Simple things that we all have and seem to need are often times taken for granted. One such example is electricity. Most just do not understand what it is. What do we really know about it? We simply turn on the light switch or start any appliance or push a button, and something works. When we wake up in the morning, we may wash ourselves with warm water; go into the kitchen and cook breakfast in a stove; and for those who are environmentalists, unplug our car or perhaps charge it up before we head out. 

It is only when there is no electric power available, that we start to consider the importance of it. Without electricity, we would still be burning wood and coal to heat our homes and businesses, and we would still be using oil and candles to light our way in the dark. That is the way it was for many centuries, before electricity was discovered and used. Only since the invention of the electric generator have humans been able to advance in every aspect of modern life.
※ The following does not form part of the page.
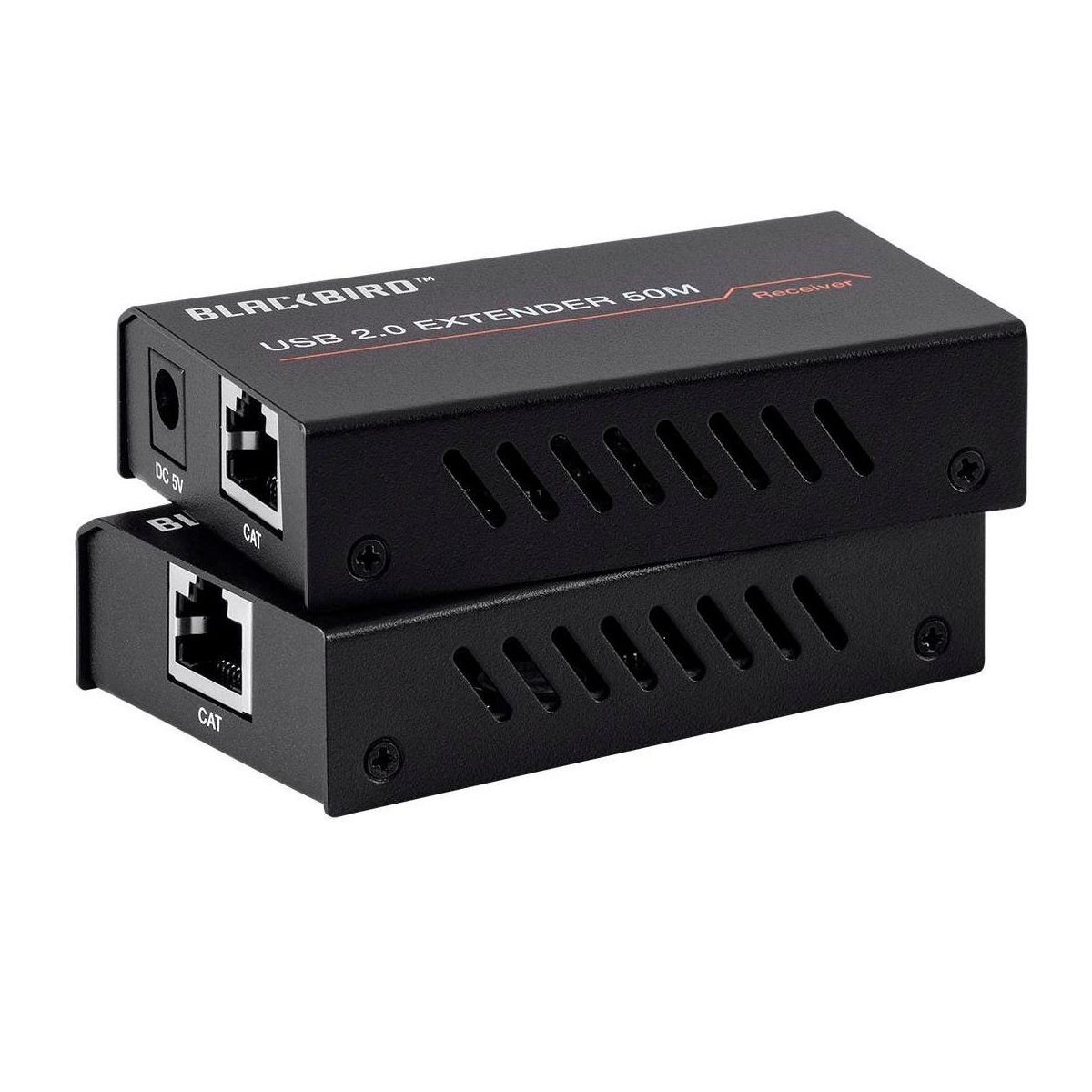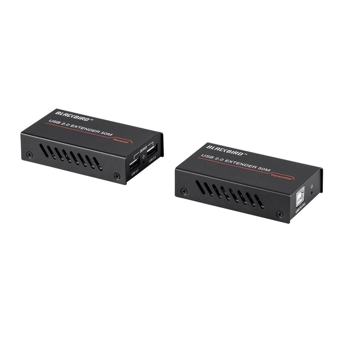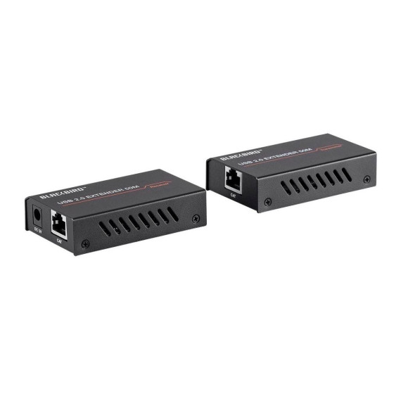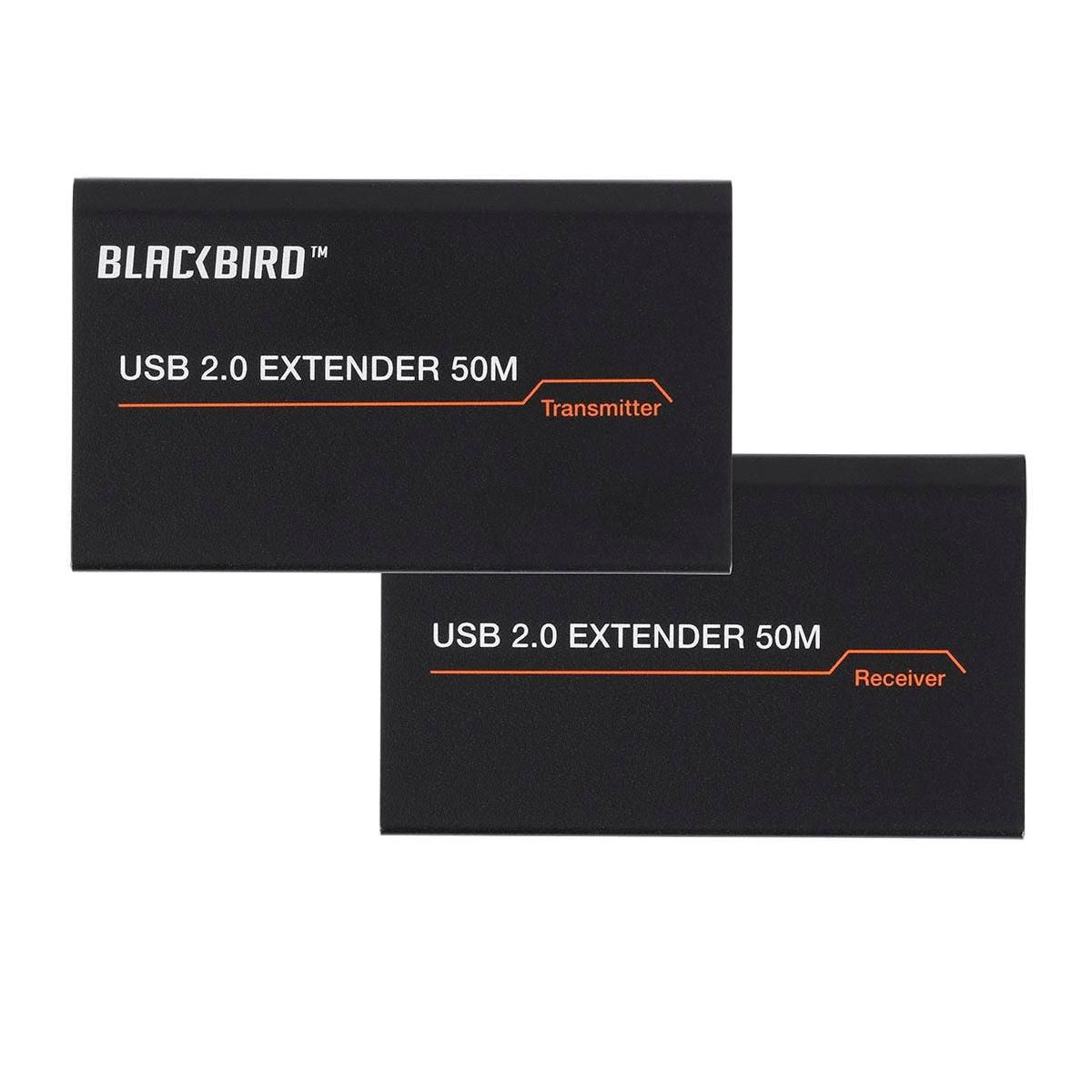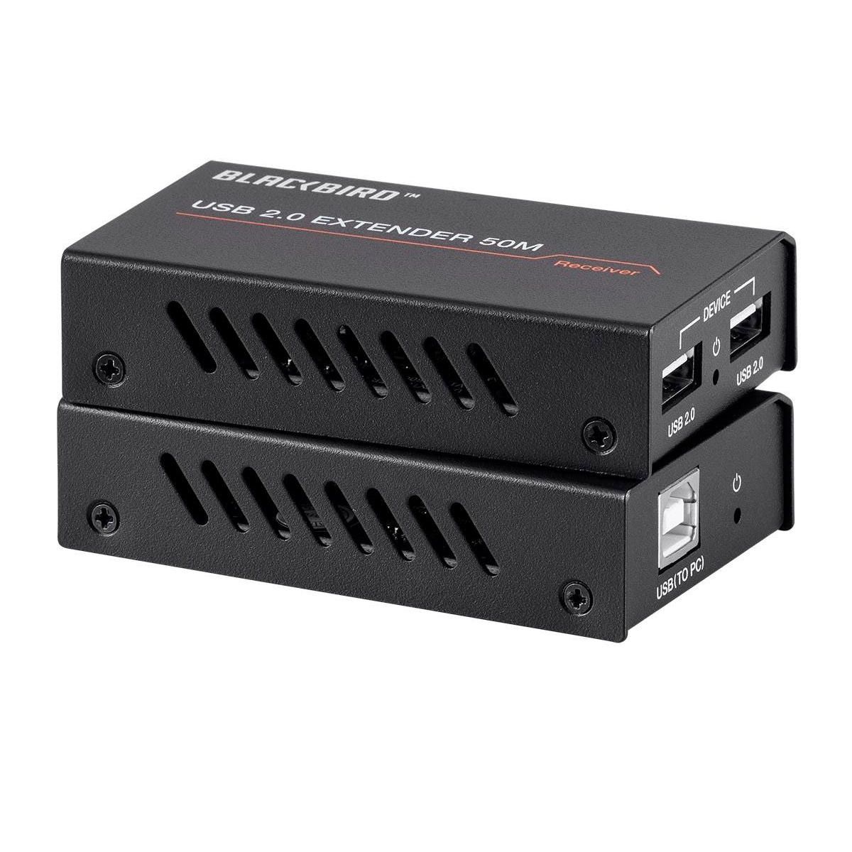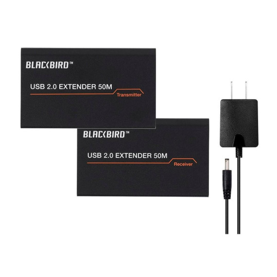 This Blackbird USB 2.0 2-Port Extender can extend USB signals to distances up to 164 feet (50 meters) over a single Cat5e/6 Ethernet cable. The transmitter receives its power from the USB connection, while a 5 VDC, 1A AC power adapter is included for use with the receiver. It supports data rates up to 480Mbps and is a true plug and play device, with no drivers or special configuration required.

In fact, modern living is defined by electric power.

We might consider Benjamin Franklin. He was a great American inventor and innovator. His electrical experiments formed the basis for other inventions that we still use today, such as batteries, incandescent light bulb, electromagnetic fields, generators and transformers. His experiments became the origin of our  “plus” and “minus” nomenclature. The positive and the negative charges helped identify the atmospheric and static electricity.

In a few weeks, the Church of God will celebrate the Feast of Pentecost. It reminds us of the day when God poured out of His Holy Spirit on the New Testament disciples (compare Acts 2:18, 33, 38-41; 1 John 4:13). When we receive God’s Holy Spirit of power (Acts 1:8), something happens to us spiritually. When used properly, it will change our lives for the better. It is an incredible gift from God. It is not to be taken for granted.  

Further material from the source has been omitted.